NHK国際放送が選んだ日本の名作 (双葉文庫)

 

芥川龍之介「沼地」

☆ 夏期講座2日目。いつもより1時間以上早く起きるので、少々寝不足だ。

☆ こんな状態で小説を読み始めると、心地よく眠りに落ちてしまう。

☆ 某首相は、毎日0~3時間睡眠だという。(もしこれが誇張でないとするならば)この状態で無味な政治文書を居眠らずに読める精神力はすごい。

☆ (ナポレオンの睡眠時間は3時間だったとか。昼寝をしていたとか、真偽は不明だが)

 

★ そんなところで、今日はごく短い作品。芥川龍之介の「沼地」を読んだ。

★ 「私」はある絵画展覧会で1枚の油絵を発見する。濁った水と、湿った土と、その土に繁茂する草木が描かれているだけの絵。重苦しい濁った黄色で彩られている。

★ 「私」はこの絵を傑作だと思っていると、新聞の美術記者が声をかけてきた。

 

☆ 芸術の評価と言うのは、結局何なのだろうか、と考えさせられた。

 

☆ ユーチューブチャンネル「おとなの教養講座」で、美術について楽しく解説してくださった山田五郎さんが亡くなったという。

☆ 原発不明のがんで、最後の収録は酸素吸入の苦しそうなお姿だったが、ご冥福をお祈りします。

 

菊池寛「マスク」

☆ 今期のテレビドラマ、「一次元の挿し木」と「名探偵のままでいて」が興味深い。どちらも「このミス」大賞の受賞作だったかな。

☆ 原作がしっかりしていると面白い。「名探偵のままでいて」は認知症を患っている役の奥田瑛二さんの存在が大きい。

☆ 懐かしい「GTO」も始まったらしい。第1回は、コロナ感染症がキーワードになっている。

☆ 「コロナ」ってほんの数年前の事なのに、なぜかずっと昔の事のように思う。

 

★ ということで、今日は、菊池寛さんの「マスク」を読んだ。

★ 時代は、シカゴ大と早稲田大の野球の試合が行われた時分だから、1920年。スペイン風邪が流行った時代。

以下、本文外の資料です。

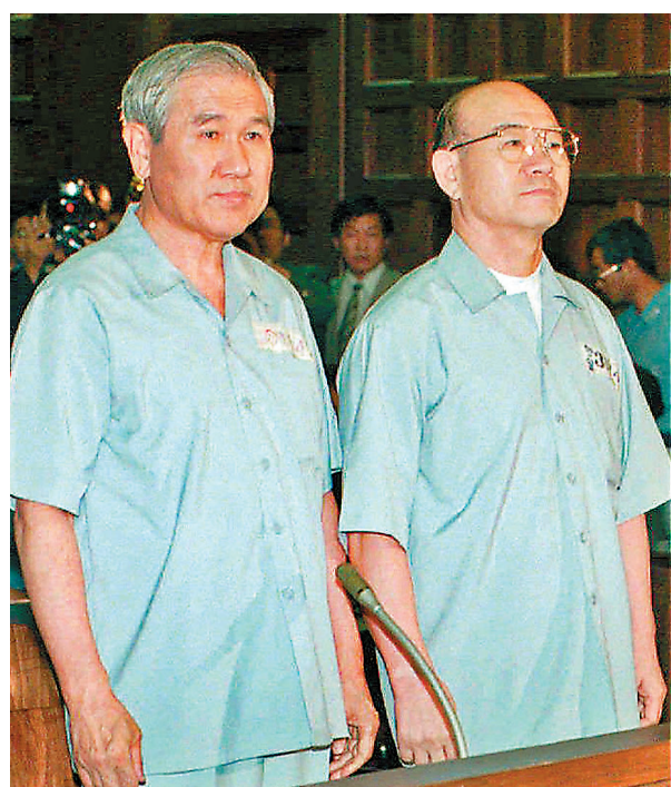
● 1996年，盧泰愚與全斗煥一起受審。

★ 肥満体形(写真などでよく見かける)のわりに内臓が弱く、特に心臓に問題があるらしい作者は、流感に怯えてマスクを付けている。

★ 暖かくなって感染者が減ってくると、マスクを付ける人も減り、そんな空気の中で、マスクを付け続けることに、作者は気後れを感じた。いわゆる同調圧力。

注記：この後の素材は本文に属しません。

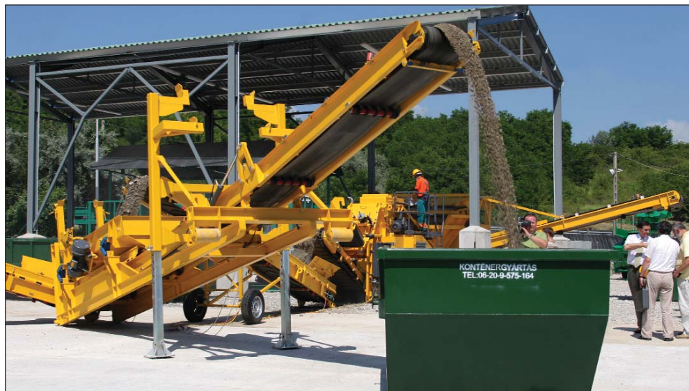
A korszerű hulladékkezelőt június 28-án adták át rendeltetésének

Érdeklődni: Eger, Bródy S. út 4. sz. alatti irodaházunkban H-P-ig 8-16 óráig (Tel.: 513-200); Eger, Homok u. 26. sz. alatti telephelyünkön H-P-ig 7-15 óráig (Tel.: 516-849, 411-144) lehet.

★ にもかかわらず、「勇敢に傲然とマスクを付けて」いる青年に出会って、自分が世間や時候の手前、やり兼ねていることをしている青年に不快感を感じたと、自嘲的に物語っている。

 

☆ コロナ禍が去り、街中でマスクをしている人はあまり見かけなくなった。一時期は、マスクをしていないことが罪に感じたが、それも同調圧力かな。

 

☆ さて、夏期講座第一日目。無事に終了。あと27日。